Given the entries below, would you transcribe exactly the lines starting at the one with "A conceptual digital" and ending at the one with "Size: Labeled 12, suits", both kept, pictures omitted, nothing extra?

---------- ENTRIES SUPPLIED ----------

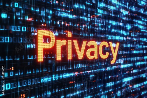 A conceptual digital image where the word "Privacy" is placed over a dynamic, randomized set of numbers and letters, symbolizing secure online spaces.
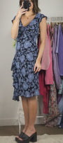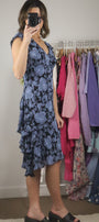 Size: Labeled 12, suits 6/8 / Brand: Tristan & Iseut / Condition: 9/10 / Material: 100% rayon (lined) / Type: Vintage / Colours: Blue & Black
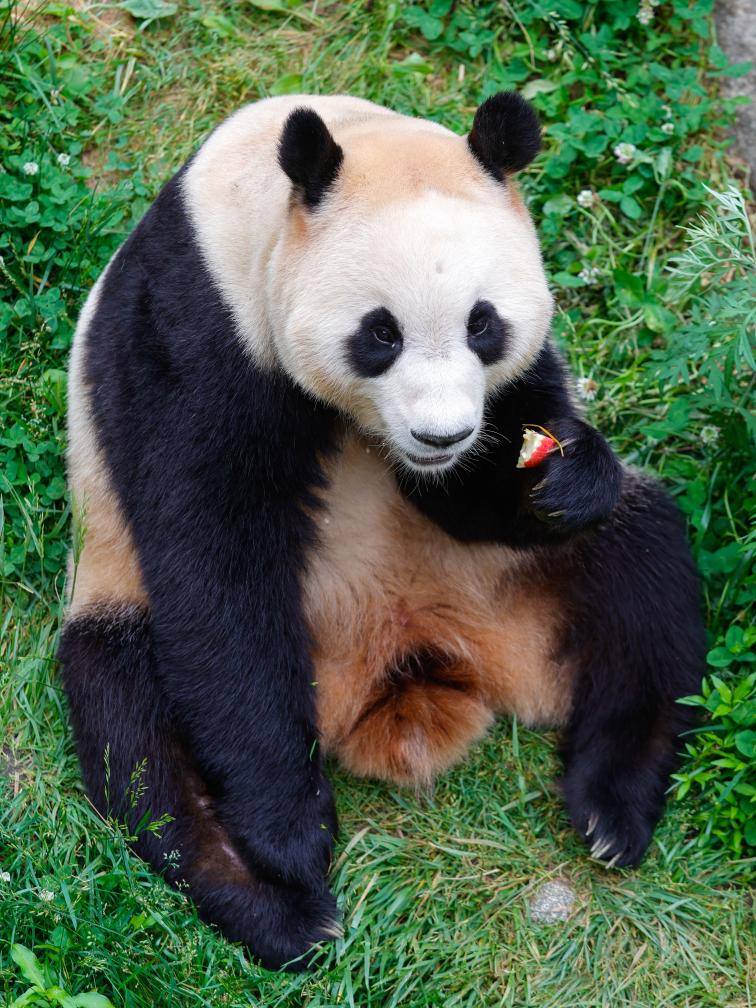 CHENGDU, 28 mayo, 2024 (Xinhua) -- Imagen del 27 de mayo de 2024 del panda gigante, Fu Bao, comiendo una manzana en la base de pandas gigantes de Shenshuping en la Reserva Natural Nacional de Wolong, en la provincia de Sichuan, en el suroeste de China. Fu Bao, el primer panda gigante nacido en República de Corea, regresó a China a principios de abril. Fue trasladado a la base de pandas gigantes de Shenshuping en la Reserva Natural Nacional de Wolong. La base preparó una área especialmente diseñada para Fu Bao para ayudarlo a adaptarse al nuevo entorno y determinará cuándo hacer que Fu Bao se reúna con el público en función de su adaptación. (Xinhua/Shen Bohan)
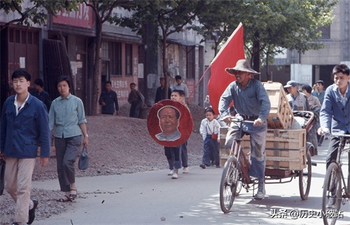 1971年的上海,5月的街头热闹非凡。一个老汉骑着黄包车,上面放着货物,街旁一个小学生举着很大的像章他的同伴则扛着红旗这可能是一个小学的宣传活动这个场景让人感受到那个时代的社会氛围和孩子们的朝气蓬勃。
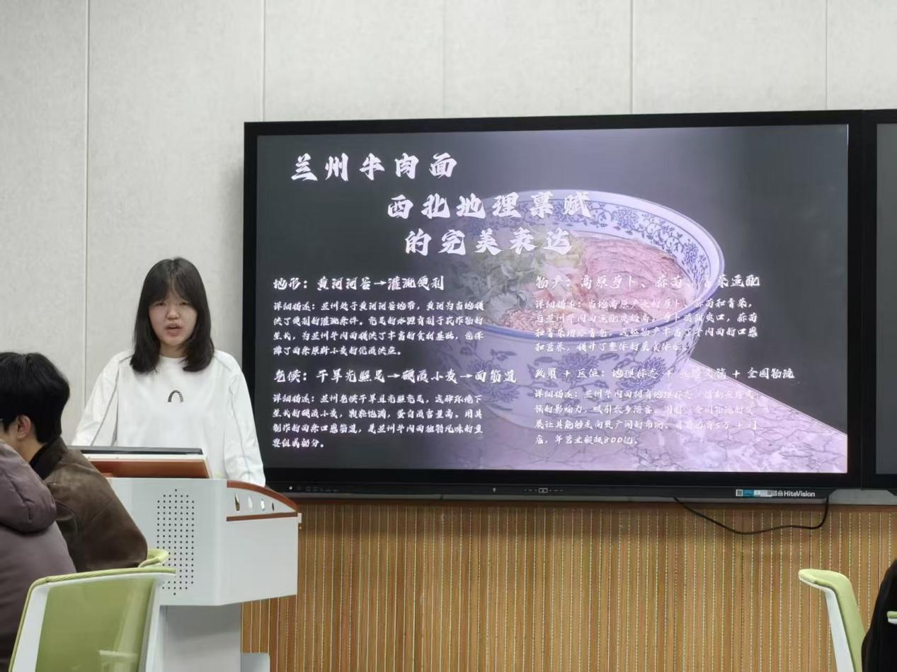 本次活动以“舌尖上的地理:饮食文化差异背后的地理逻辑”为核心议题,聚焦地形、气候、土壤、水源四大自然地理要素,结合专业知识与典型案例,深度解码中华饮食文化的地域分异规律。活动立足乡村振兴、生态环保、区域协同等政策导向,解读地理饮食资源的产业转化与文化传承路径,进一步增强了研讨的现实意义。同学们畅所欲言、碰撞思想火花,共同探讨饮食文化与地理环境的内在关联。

----------
---------- ENTRIES SUPPLIED ----------

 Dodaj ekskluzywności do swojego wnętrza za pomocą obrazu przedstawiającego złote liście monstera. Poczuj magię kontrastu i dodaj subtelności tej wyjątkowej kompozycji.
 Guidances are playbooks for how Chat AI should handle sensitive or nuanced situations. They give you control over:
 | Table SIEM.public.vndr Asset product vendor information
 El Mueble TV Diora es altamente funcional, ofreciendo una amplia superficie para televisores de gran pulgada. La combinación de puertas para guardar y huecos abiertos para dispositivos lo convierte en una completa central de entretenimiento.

----------
---------- ENTRIES SUPPLIED ----------

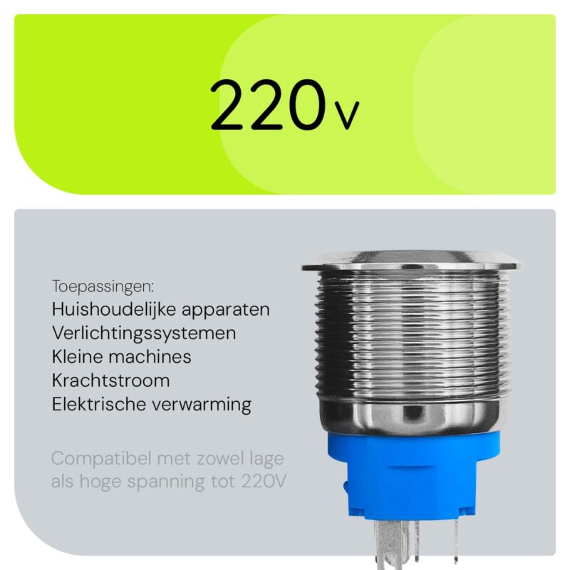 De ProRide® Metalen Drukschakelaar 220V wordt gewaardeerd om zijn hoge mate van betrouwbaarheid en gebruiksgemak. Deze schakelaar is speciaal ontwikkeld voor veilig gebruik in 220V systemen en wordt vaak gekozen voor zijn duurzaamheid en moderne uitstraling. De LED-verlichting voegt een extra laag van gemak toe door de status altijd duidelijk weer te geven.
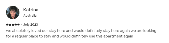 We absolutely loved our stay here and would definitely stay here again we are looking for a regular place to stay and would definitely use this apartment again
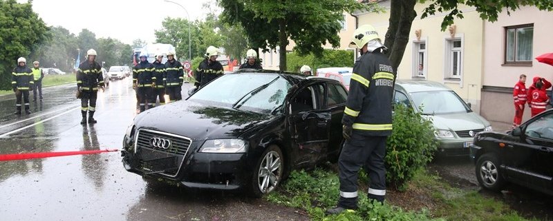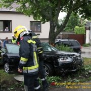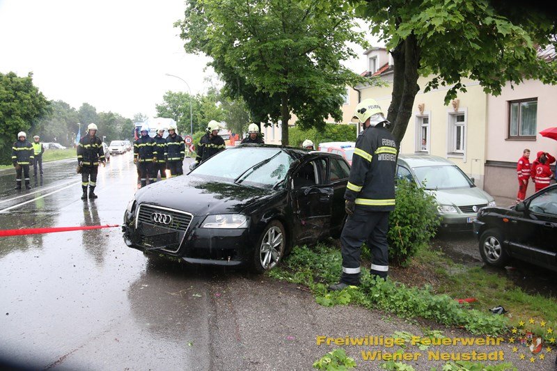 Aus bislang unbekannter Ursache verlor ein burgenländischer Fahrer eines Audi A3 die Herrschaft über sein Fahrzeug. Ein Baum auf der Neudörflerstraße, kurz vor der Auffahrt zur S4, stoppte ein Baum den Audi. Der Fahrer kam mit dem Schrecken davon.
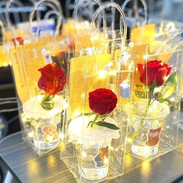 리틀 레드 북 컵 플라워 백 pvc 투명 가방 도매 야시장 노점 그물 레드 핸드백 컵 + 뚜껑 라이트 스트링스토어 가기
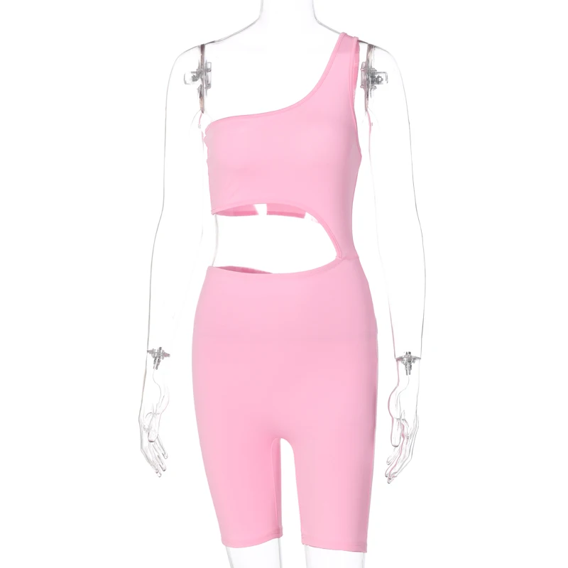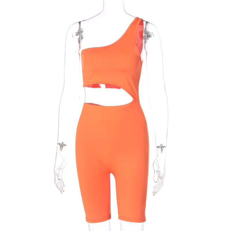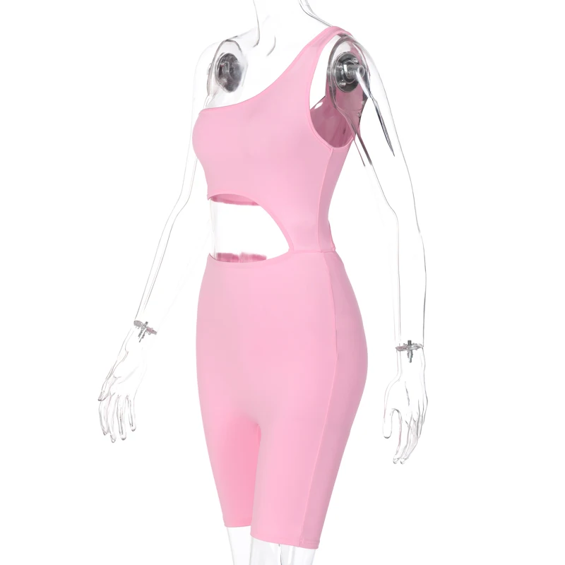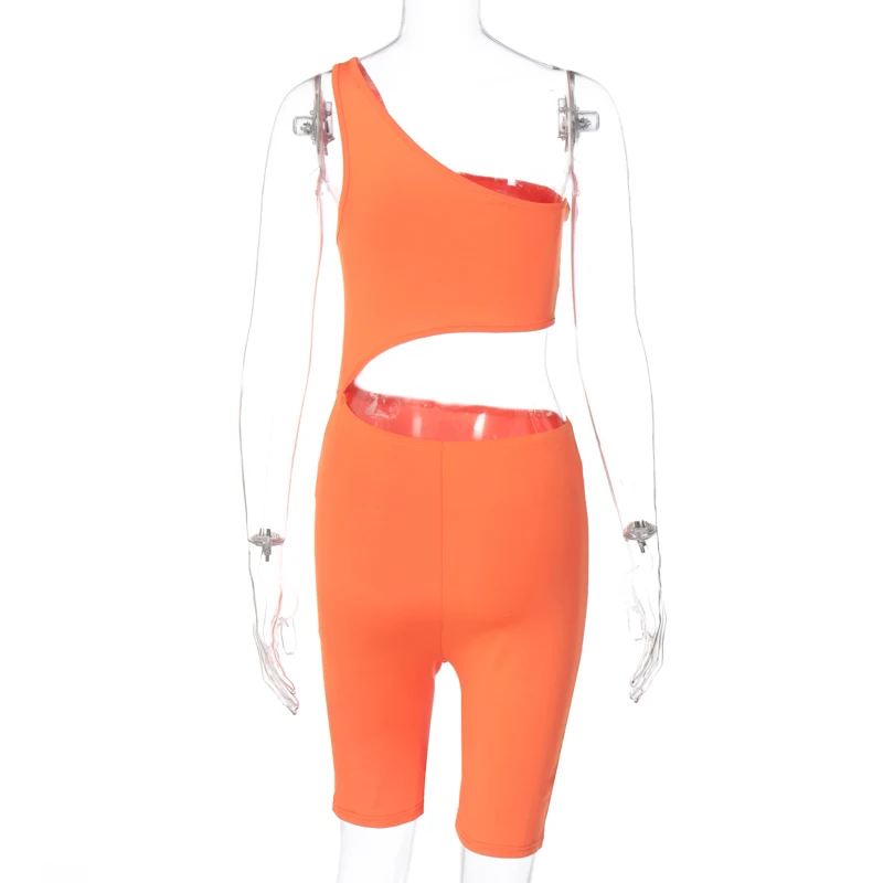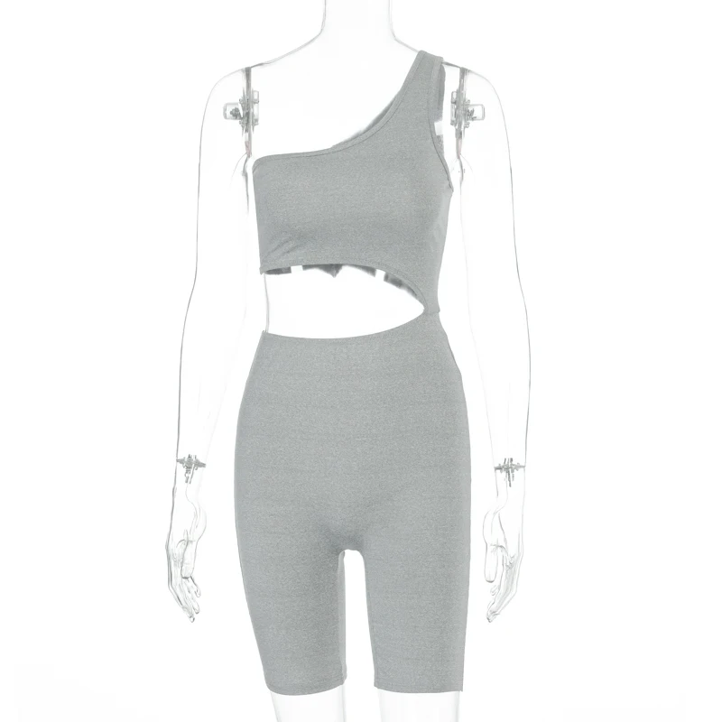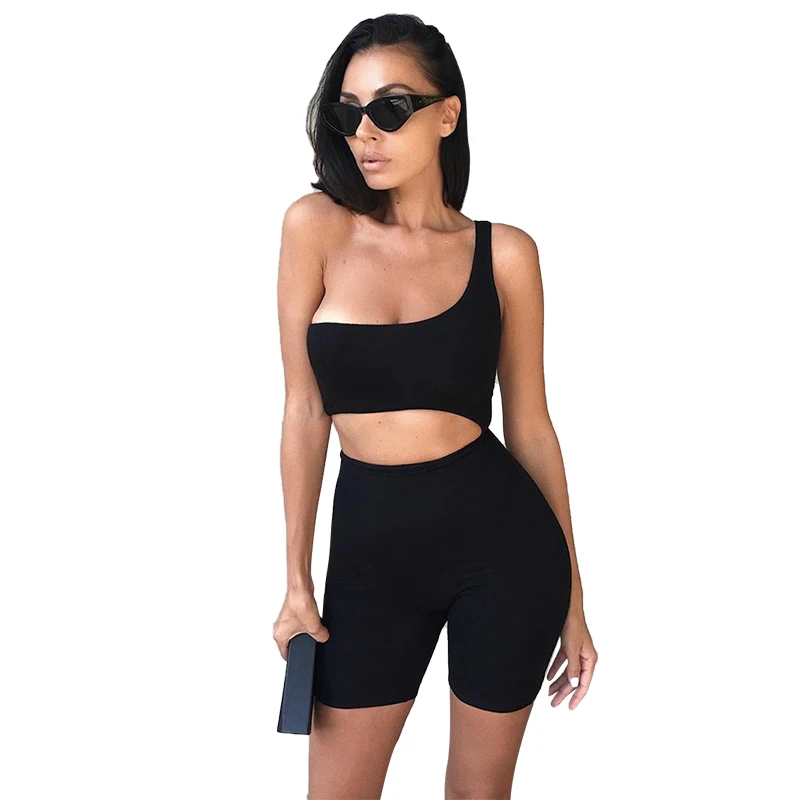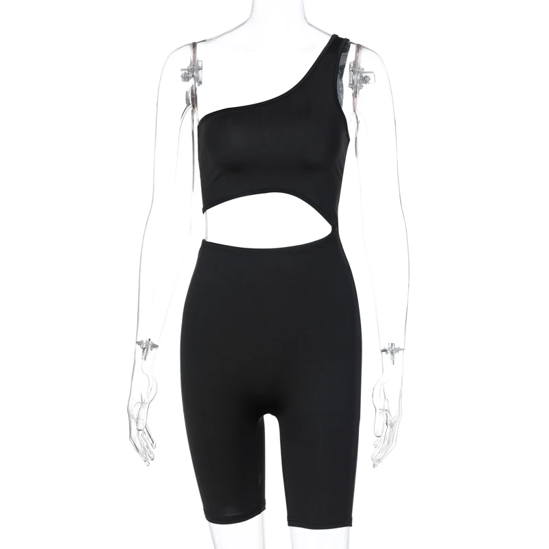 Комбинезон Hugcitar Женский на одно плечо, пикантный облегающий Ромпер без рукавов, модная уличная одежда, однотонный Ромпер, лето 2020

----------

### RESULT FOR THIS EXERCISE
 A conceptual digital image where the word "Privacy" is placed over a dynamic, randomized set of numbers and letters, symbolizing secure online spaces.
 Size: Labeled 12, suits 6/8 / Brand: Tristan & Iseut / Condition: 9/10 / Material: 100% rayon (lined) / Type: Vintage / Colours: Blue & Black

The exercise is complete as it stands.